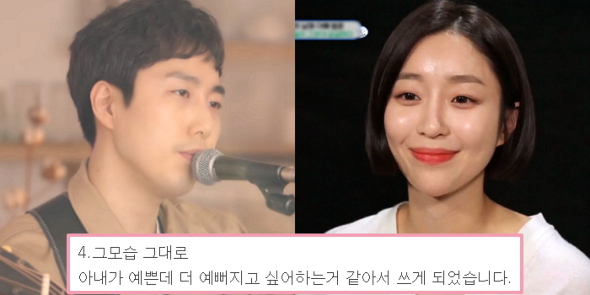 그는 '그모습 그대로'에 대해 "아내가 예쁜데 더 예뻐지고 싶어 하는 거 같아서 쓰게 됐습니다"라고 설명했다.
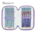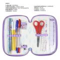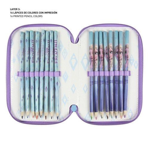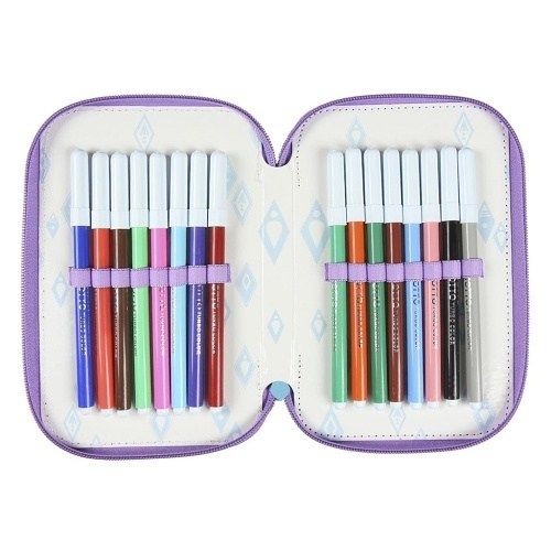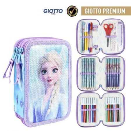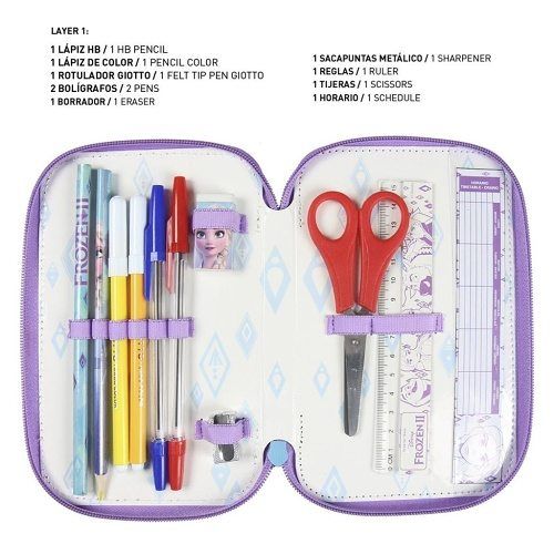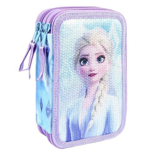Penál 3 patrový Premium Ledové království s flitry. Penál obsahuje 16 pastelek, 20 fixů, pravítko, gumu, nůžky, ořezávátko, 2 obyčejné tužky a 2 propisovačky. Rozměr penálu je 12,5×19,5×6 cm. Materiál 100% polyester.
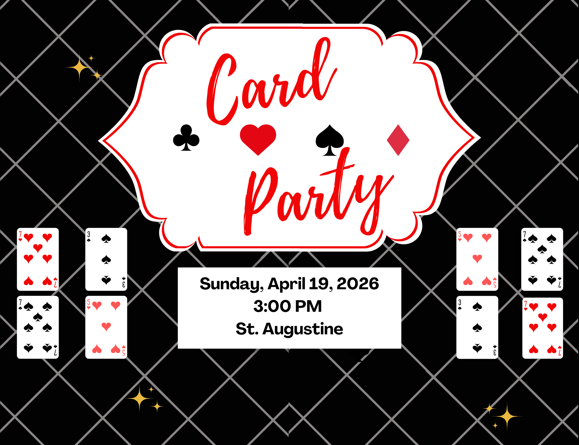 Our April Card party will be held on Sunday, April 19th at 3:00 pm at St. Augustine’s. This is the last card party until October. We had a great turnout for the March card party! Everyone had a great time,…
* * * *
Exercise >>
Each line above is to be copied exactly, and the pictures are to be dropped.

Reply to the task >>
 그는 '그모습 그대로'에 대해 "아내가 예쁜데 더 예뻐지고 싶어 하는 거 같아서 쓰게 됐습니다"라고 설명했다.
Penál 3 patrový Premium Ledové království s flitry. Penál obsahuje 16 pastelek, 20 fixů, pravítko, gumu, nůžky, ořezávátko, 2 obyčejné tužky a 2 propisovačky. Rozměr penálu je 12,5×19,5×6 cm. Materiál 100% polyester.
 Our April Card party will be held on Sunday, April 19th at 3:00 pm at St. Augustine’s. This is the last card party until October. We had a great turnout for the March card party! Everyone had a great time,…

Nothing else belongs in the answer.